Multivariate long-term time series forecasting (MLTSF) models are increasingly deployed in critical domains such as climate, finance, and transportation. Despite their growing importance, the security of MLTSF models against backdoor attacks remains entirely unexplored. To bridge this gap, we propose BadTime, the first effective backdoor attack tailored for MLTSF. BadTime can manipulate hundreds of future predictions toward a target pattern by injecting a subtle trigger. BadTime addresses two key challenges that arise uniquely in MLTSF: (i) the rapid dilution of local triggers over long horizons, and (ii) the extreme sparsity of backdoor signals under stealth constraints. To counter dilution, BadTime leverages inter-variable correlations, temporal lags, and data-driven initialization to design a distributed, lag-aware trigger that ensures effective influence over long-range forecasts. To overcome sparsity, it introduces a hybrid strategy to select valuable poisoned samples and a decoupled backdoor training objective that adaptively adjusts the model's focus on the sparse backdoor signal, ensuring reliable learning at a poisoning rate as low as 1%. Extensive experiments show that BadTime significantly outperforms state-of-the-art (SOTA) backdoor attacks on time series forecasting by extending the attackable horizon from at most 12 timesteps to 720 timesteps (a 60-fold improvement), reducing MAE by over 50% on target variables, and boosting stealthiness by more than 3-fold under anomaly detection.

Figures (6)

• Figure 1: An attack example of BadTime: even a short trigger in poisoned variables can manipulate the forecasting of the target variables to match the predefined target pattern, posing serious threats to critical real-world systems.
• Figure 2: Overview of the proposed BadTime attack. The top row shows four elaborate designs for data poisoning, and the bottom row depicts the backdoor training stage, where the introduced custom multi-objective loss functions are employed to optimize the model and trigger alternately.

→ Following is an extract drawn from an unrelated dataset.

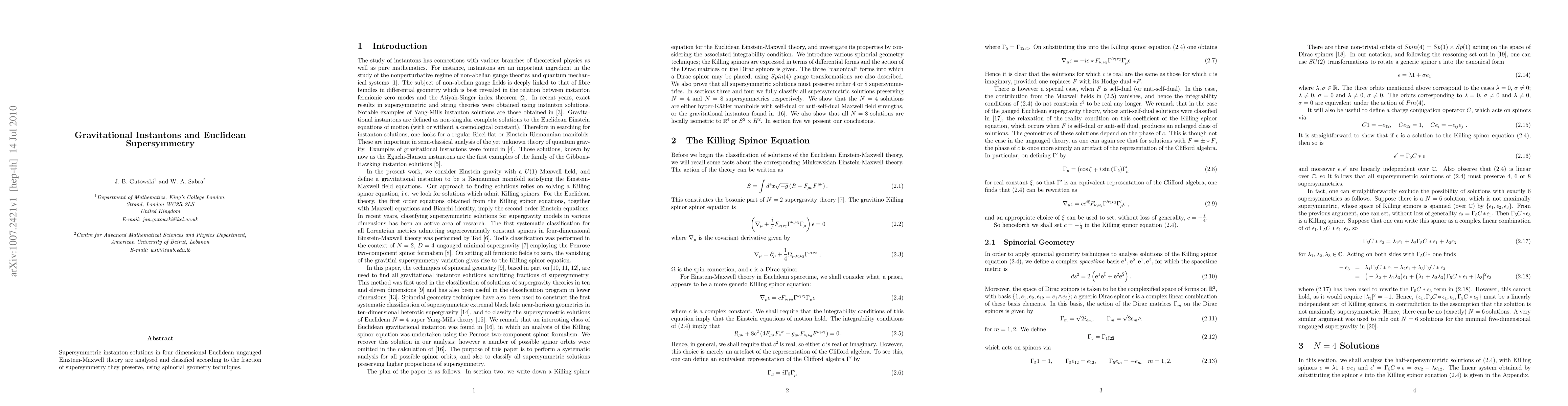 Supersymmetric instanton solutions in four dimensional Euclidean ungauged Einstein-Maxwell theory are analysed and classified according to the fraction of supersymmetry they preserve, using spinorial geometry techniques.

• Figure 3: Workflow of our poisoned variable selection. From the multivariate series $X$, we build a directed graph and train a GAT with a proxy task of predicting next step on $V_t$ to obtain edge attentions. Averaged attentions $\bar{\alpha}_{ij}$ are aggregated as $\mathrm{Influence}(i)=\sum_{j\in V_t}\bar{\alpha}_{ij}$, and the top-$k$ variables by this score are selected as $V_p$.
• Figure 4: Visualization of attack examples for BackTime and BadTime across four prediction lengths: 96, 192, 336, and 720.
• Figure 5: Attack performance of BadTime under varying poisoning ratios ($\alpha_T$) and trigger length ratios ($\rho$). Curves for MAE$_\text{c}$, MAE$_\text{pa}$, and MAE$_\text{pn}$ should be read against the left y-axis (MAE; lower is better), whereas curves for ACC$_{\text{USAD}}$ and ACC$_{\text{TranAD}}$ should be read against the right y-axis (Accuracy; lower indicates better stealth).